Presidential Spokesperson Salvador Panelo made the statement after senatorial candidate Neri Colmenares said it can be considered as treason if President Duterte was allowing foreign countries to spy on Filipinos.
In his press briefing, Panelo said that it was ordinary for all countries to share intelligence information. He also believed that it did not violate the Constitution.
“It’s not [treason]. It’s an exchange of intelligence information. And all countries do that,” Panelo said Monday.
“I don’t think so (violating the Constitution). Kasi alam mo yung (Because you know) sharing of intelligence information hindi rin naman ibig sabihin nagso-surveillance yung mga yun (does not mean that they are putting people here under surveillance),” he added.
The Palace official also raised the possibility that the information given by the foreign country really originated from local intelligence agents.
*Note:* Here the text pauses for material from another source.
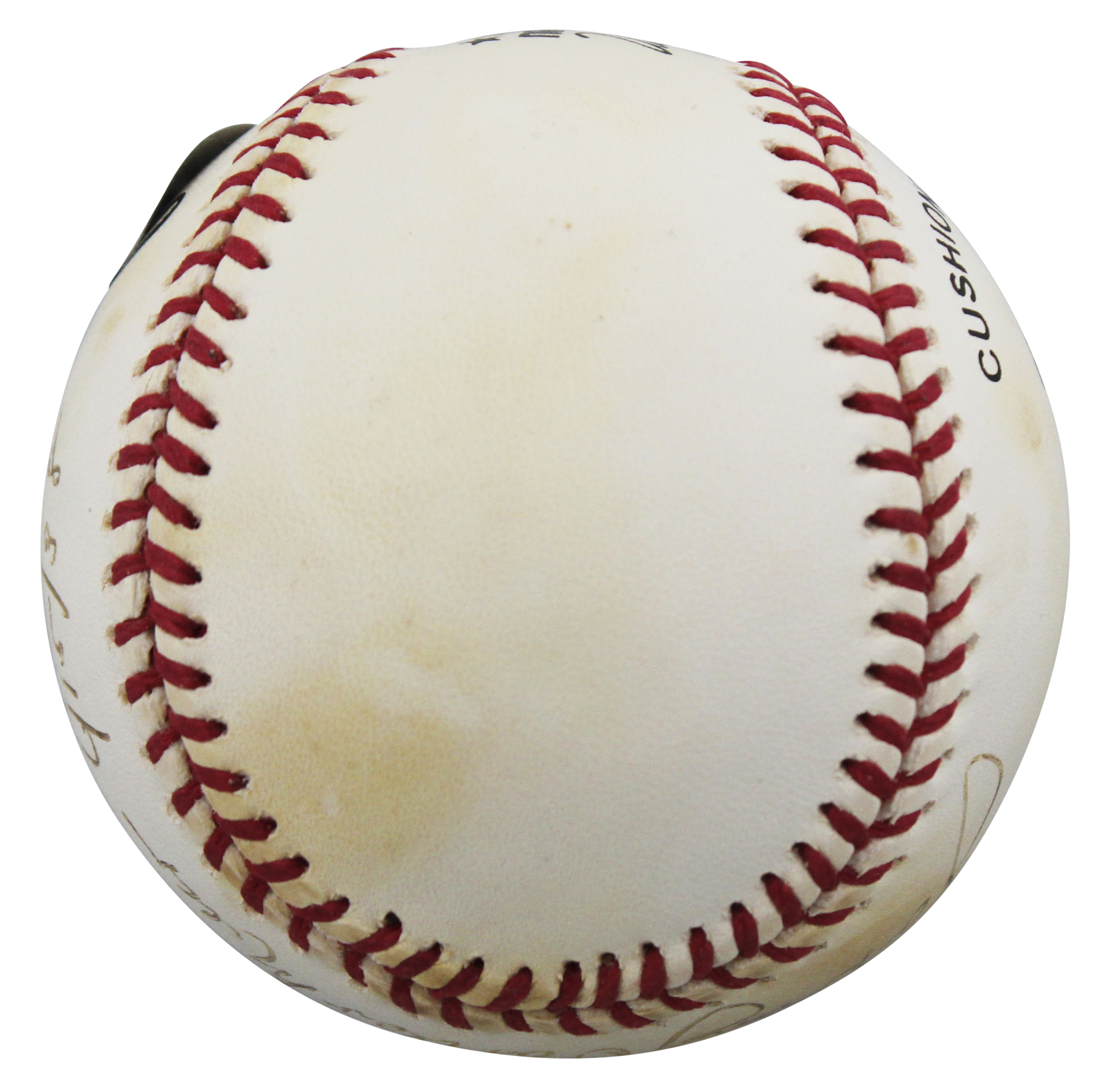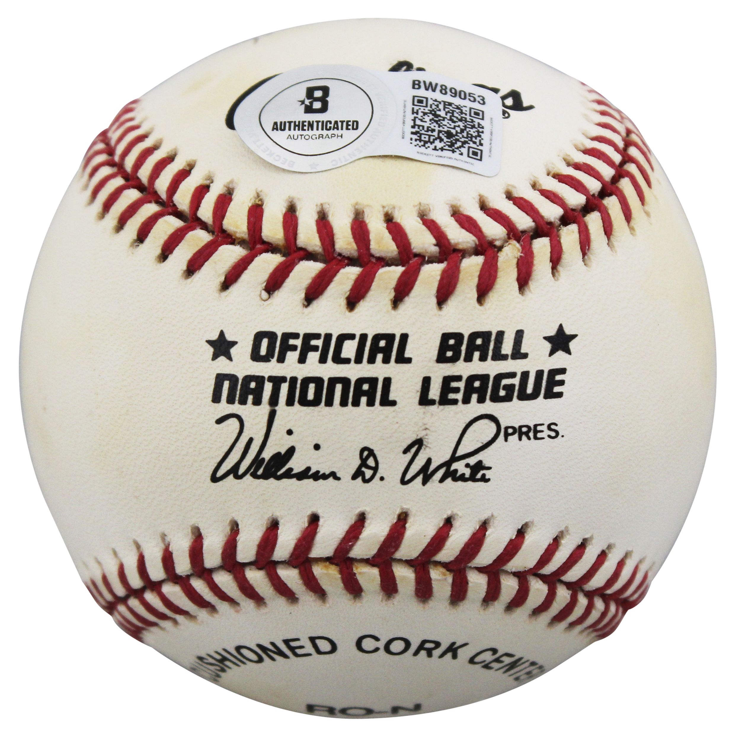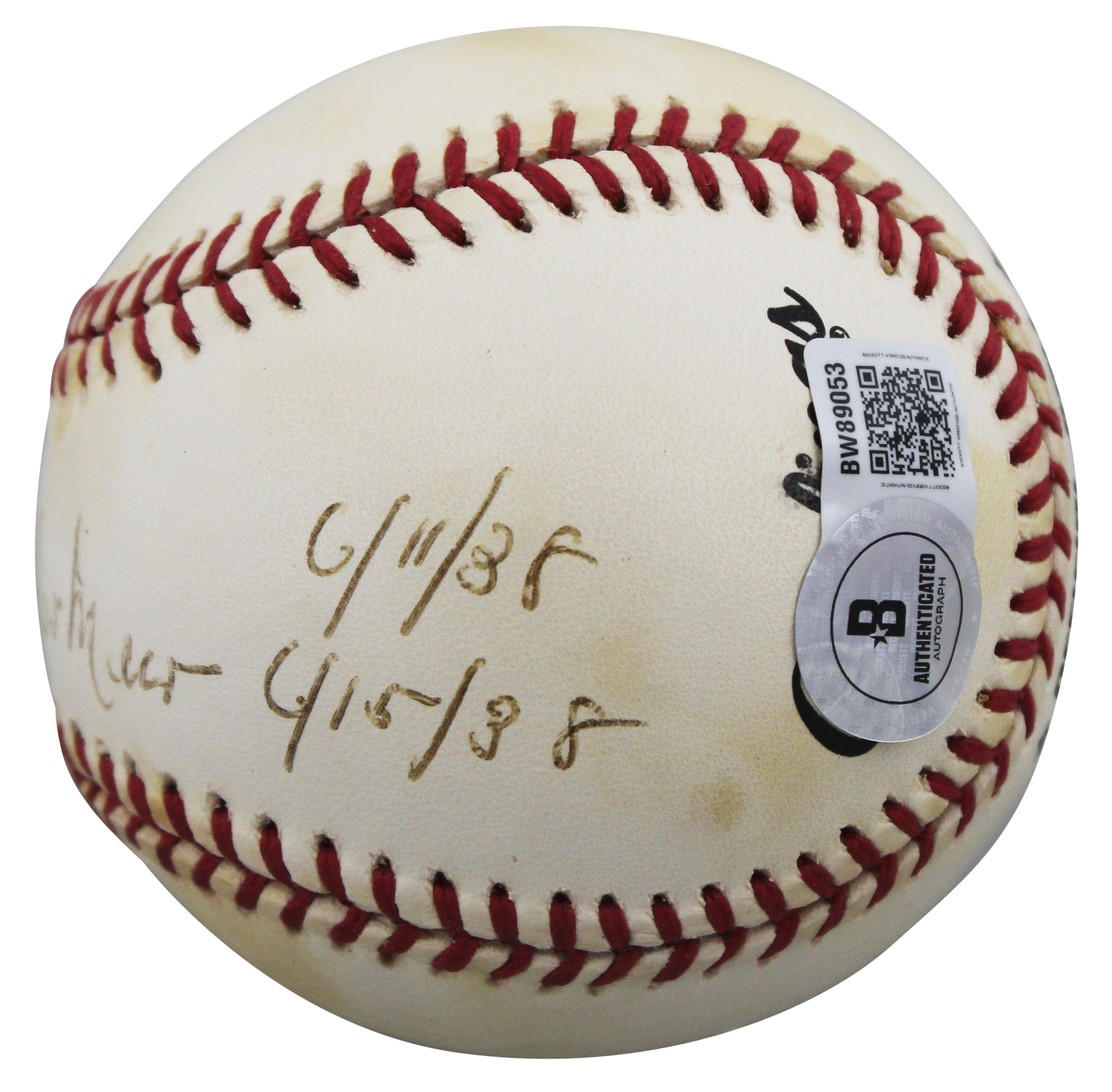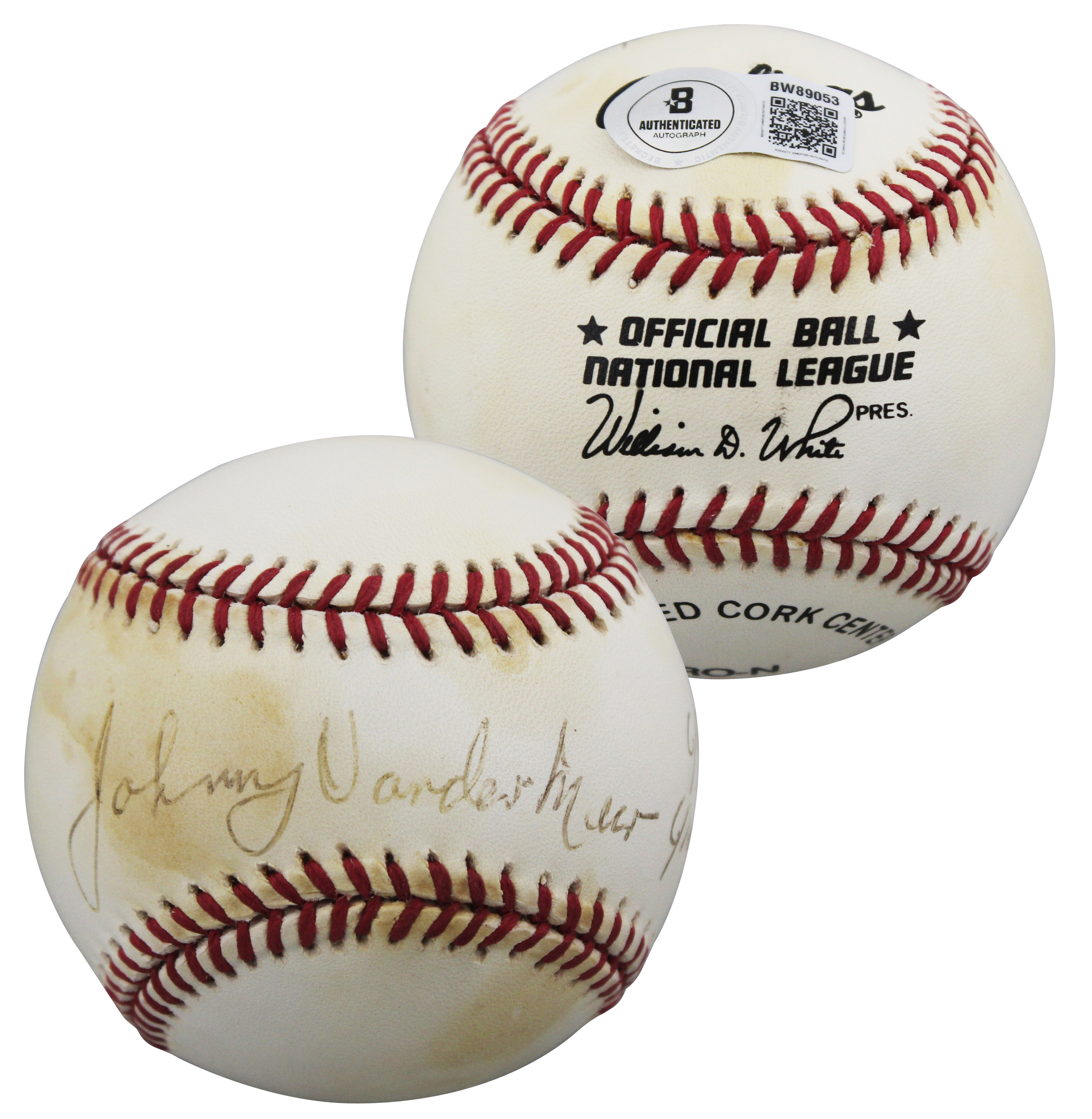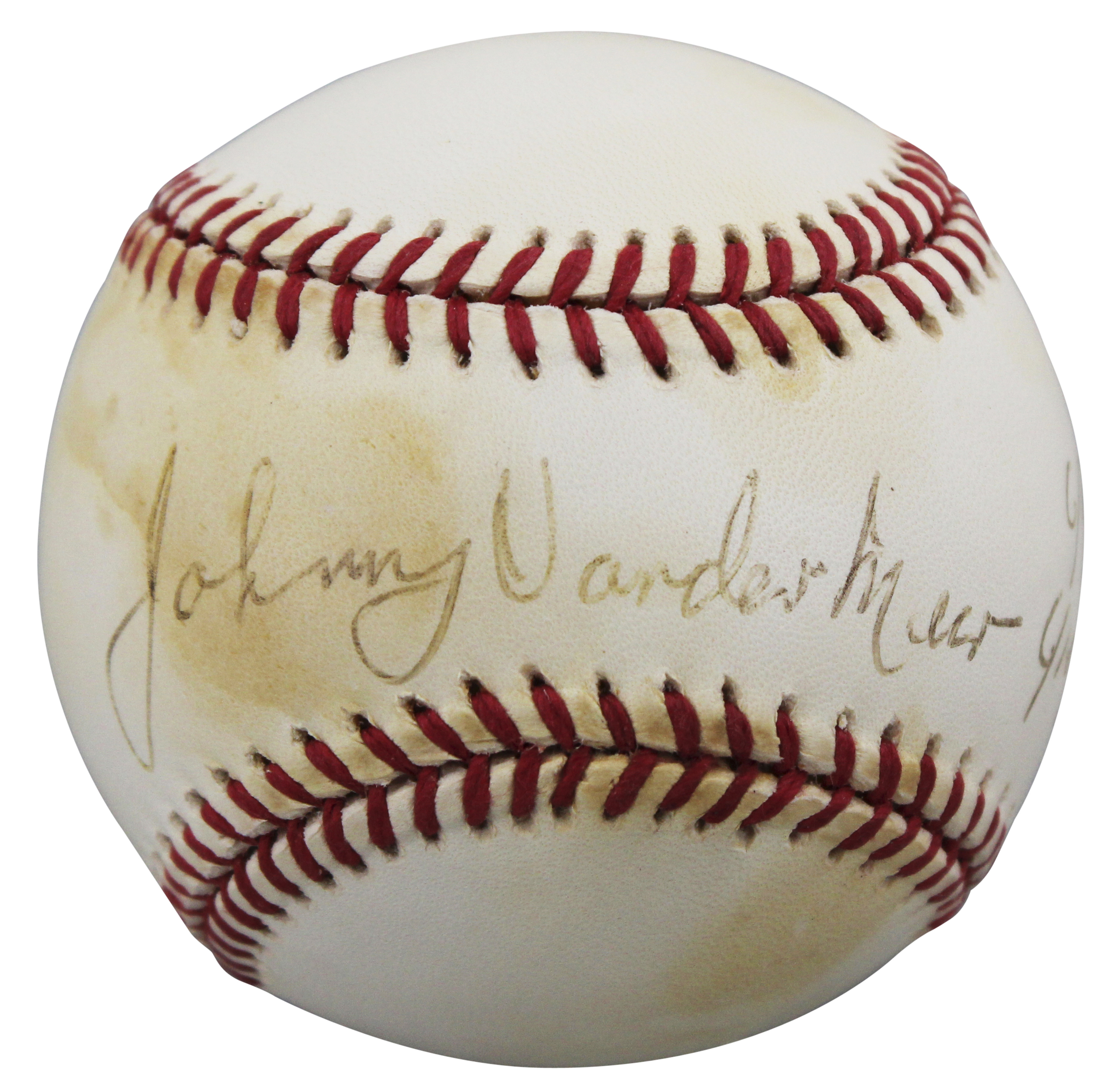This Autographed William White Baseball with the inscription of "6/11/38, 6/15/38" has been Personally Signed by Johnny Vander Meer of the Cincinnatti Reds. This item is 100% Authentic to include a hologram by Beckett Authentication Services. This item will come with an affixed Beckett Authentication Services (BAS) authentication sticker, which includes a scannable QR code to verify authenticity. Please note that Beckett no longer provides serial-numbered COA cards, and the attached BAS sticker will serve as the complete authentication for this item. The authenticity can be verified on Beckett Authentication Services website. This baseball has some toning due to age. Please refer to pictures for item's condition prior to purchase.

“Pwede rin namang galing sa atin tapos sinabi doon sa… mga agents naman ‘yang mga ‘yan. Mga agents ng iba’t ibang bansa. Pwedeng galing dito, kung sino man ang nagbigay sa kanila, shinare sa atin. So it doesn’t follow na surveillance (It’s possible that the information came from here but the agents just shared it with foreign agents. So it doesn’t follow that there is surveillance),” Panelo said.
Earlier, Duterte admitted that foreign countries were listening in on the conversation of journalists. He made the statement after the Philippine Center for Investigative Journalism (PCIJ) released a three-part story on the Duterte family’s wealth.
After the President’s admission, Malacañang confirmed the existence of a matrix which linked members of the media and lawyers to an ouster plot against Duterte.
Panelo earlier said that receiving information from foreign country was not illegal since it was part of a process called intelligence information sharing.
“‘Yan ang tinatawag na (That is what we call) sharing of intelligence information. That’s standard for all countries if it affects the security,” he said.